There is great confusion in the GOP ranks and the media about the likelihood of a third candidate running. Multiple sources confirm there are several groups with access to funding, in communication with one another, working on a third-party run. It is not, as commonly argued, all that difficult to get on ballots in most every state. “The process is complex but not hard,” says longtime GOP operative Rick Wilson, who is involved in such efforts. “All the steps are explicable, and the lawyers know how to get it home. Even in ballot access states due in May, there are legal hacks around it.”
In part, this is because there is not just one way to qualify for ballots. Those who have researched the process tell me that in some states an independent run is most feasible. In others, qualifying on the “line” of an existing party is the best route; that party need not be the same in all states. There are also write-in campaigns. Sen. Lisa Murkowski (R) — not an easy name to spell — won that way in Alaska in 2010 after losing the GOP primary. It is also possible to form a brand-new party, as then-Sen. Joe Lieberman (I-Conn.) did after losing his primary in 2006. He won under the “Connecticut for Lieberman” party.
It is also worth remembering that in 1980, John B. Anderson got on the ballot in all 50 states, in some cases winning lawsuits that invalidated overly restrictive ballot requirements. Anderson v Celebrezze, which remains good law today, held that very early deadlines are not constitutional. Anderson wound up with only about 7 percent of the vote (with an incumbent president and the popular Ronald Reagan as competition), but Ross Perot drew about 19 percent in 1992, Teddy Roosevelt got 27 percent in 1912, and George Wallace got five states and 13.5 percent of the vote in 1968 against a sitting vice president and a former vice president. (All of these took place in the pre-Internet, pre- 24/7-news-cycle era when most Americans got their news once a night from three TV networks and/or from a single newspaper.)
“An independent race is more doable than conventional wisdom has it, and lots of different individuals and groups are working or are ready to work on aspects of it,” says one of the most prominent backers of a third candidate, Weekly Standard editor Bill Kristol. “What’s really needed — in a way, all that’s really needed — is a candidate to jell around.” For a time, third-candidate backers thought they had a solid chance with retired Gen. James Mattis, but he ultimately decided not to run.
Names we have heard discussed include former senator Tom Coburn of Oklahoma, former Texas governor Rick Perry (who would almost certainly win his home state, thereby removing any hope Trump could be elected), retired Gen. Ray Odierno (who last year challenged Trump’s pronouncements on Iraq), and Sen. Ben Sasse of Nebraska. (And yes, Mitt Romney would have a big leg up insofar as he has built-in name ID, a donor network and the credibility that comes with warning the country repeatedly about Trump and, before that, President Obama’s flawed foreign policy.)
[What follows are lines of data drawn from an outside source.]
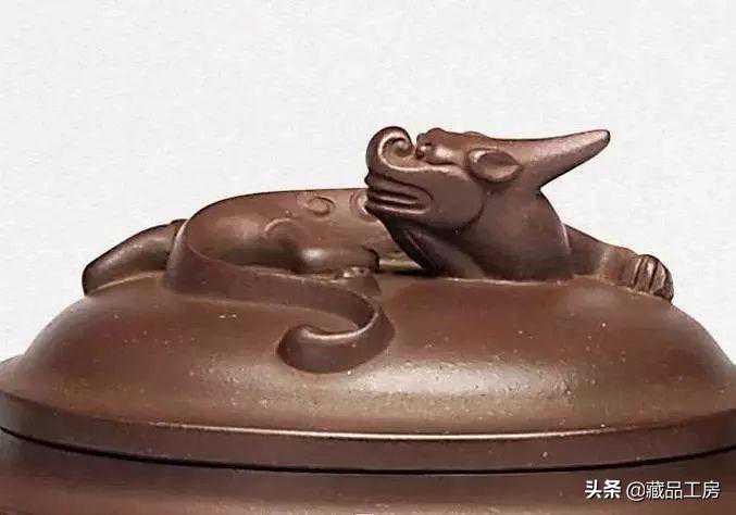 此为明代紫砂大家陈仲美所作,此人擅以紫砂仿古青铜器,工艺精巧,别有韵致。
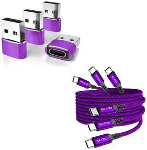 Elebase 3Pack USB C to Type C 100W Cable 3Pack 3.3/6.6/10ft and 4 Pack SB to USB C Adapter for MacBook Pro,iPhone 15,iPad 10 Air 4 5 Mini 6 6th,Samsung Galaxy Note S21 S22 S23,A72 A73,Tab S
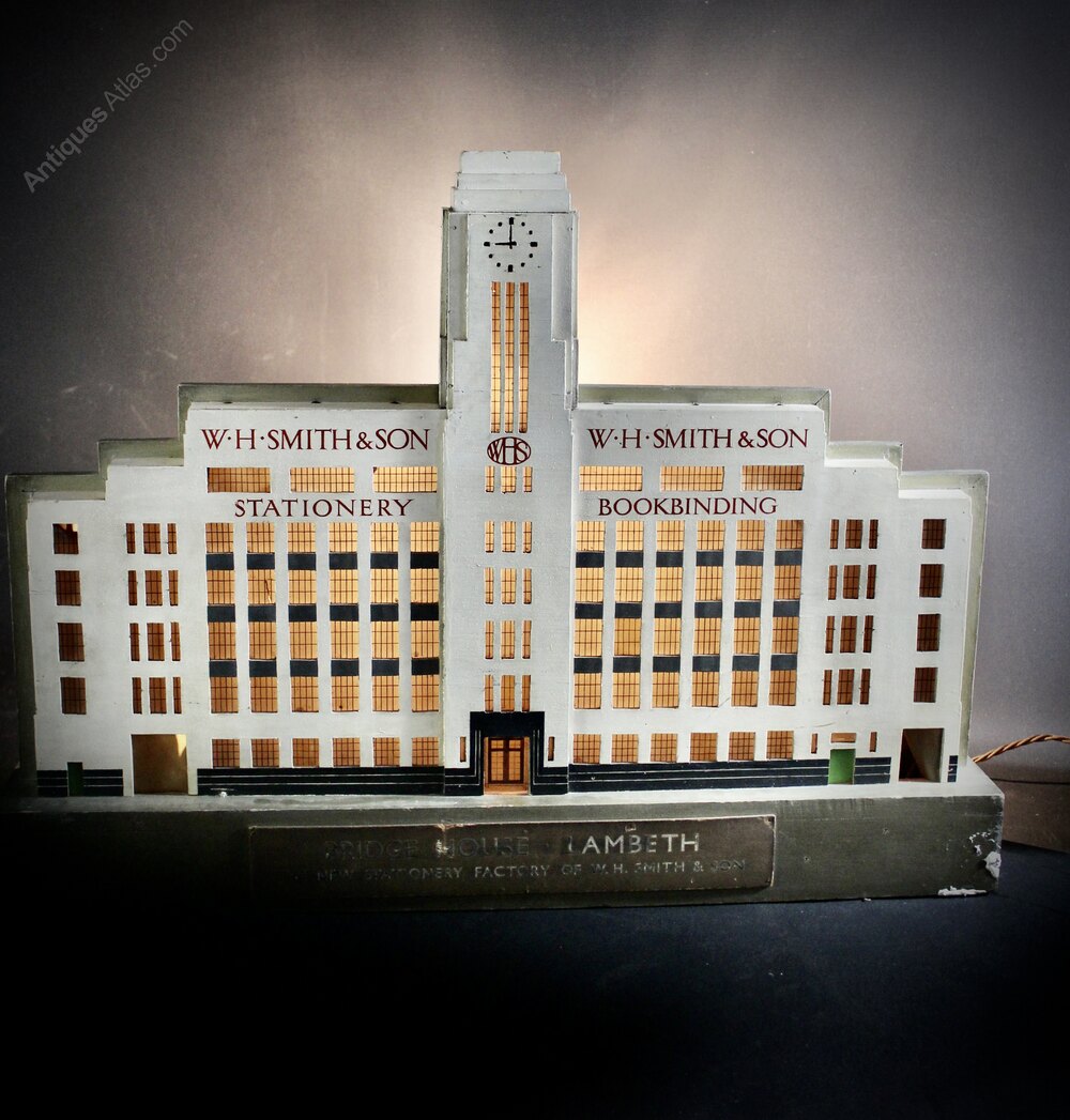 An architectural model of the W.H Smith building, Bridge House", designed by Herbert O Ellis & Clarke and architect to W.H Smith , F.C Bayliss. From the archives of W.H Smith this is a rare one off example. Finished front and back , the base applied with a painted plaque "Bridge House. Lambeth. The New Stationary Factory of W.H Smith & Son" Opened in 1935 "Bridge House" which stood on the Albert Embankment S.E,1 . Despite being regarded as one of the best example of interwar factory buildings to have been built in London it was demolished in the 1970's without resistance and largely been forgotten about. The base of the model is fitted with a lighting tube and the antique clock tower with a single light bulb holder which the new owner could have re-instated. I have taken a photo with a lighted bar drop to get the idea of how it would look illuminated. Measures 51 cm high x 69 cm wide x 13 cm deep

Sasse, interestingly, put out a long string of tweets and a Facebook post in the form of an open letter late Wednesday night musing on the need for a third party and suggesting a platform based on a few key issues: national security; “honest budgeting/entitlements to stop stealing from our kids”; “empower states to improve K-12, & let DC focus on programmatic reform for age of lifelong learning/job retraining”; and ending the revolving door and special perks for politicians. His summation sure sounded like the beginning of something. “[People in his local Walmart] deserve better. They deserve a Congress that tackles the biggest policy problems facing the nation. And they deserve a president who knows that his or her job is not to ‘reign,’ but to serve as commander-in-chief and to ‘faithfully execute’ the laws — not to claim imperial powers to rewrite them with his pen and phone.” A spokesman for Sasse pointedly did not rule out a run, emailing Right Turn: “Senator Sasse has been clear when asked before: he has three little kids and the only callings he wants — raising them and serving Nebraskans.” In fact, that doesn’t come close to a “No.”
But is there a pathway to winning? Here’s where it gets interesting. Hillary Clinton and Donald Trump are two of the most unlikable, flawed candidates in moderate presidential political history. With an optimistic, down-to-earth candidate with some crossover appeal, a third candidate could well pick off states including Arizona, Utah and Texas from Trump and challenge Clinton in states like Ohio, Colorado, Iowa and Nevada that she needs to get to 270. Let’s also remember that Libertarian candidate Gary Johnson may be in the race, further dividing the vote. At some point, one sees that we might realistically have a situation in which no one gets to 270 electoral votes. (By then, Clinton’s and Trump’s unfavorables would be astronomically high.) The House of Representatives then decides the presidency, and the Senate picks the vice president.
To be certain, this is complicated, but after getting past the ballot issues, one can imagine that if an independent is going to make headway, this is the year to do it. Throw in the fact that Trump has little or no viable fundraising network and one can imagine a third candidate (especially one who made an appeal to go beyond partisan loyalty and focused on some big-picture issues) being very financially competitive, sweeping up the donors who won’t lift a finger to fund Trump.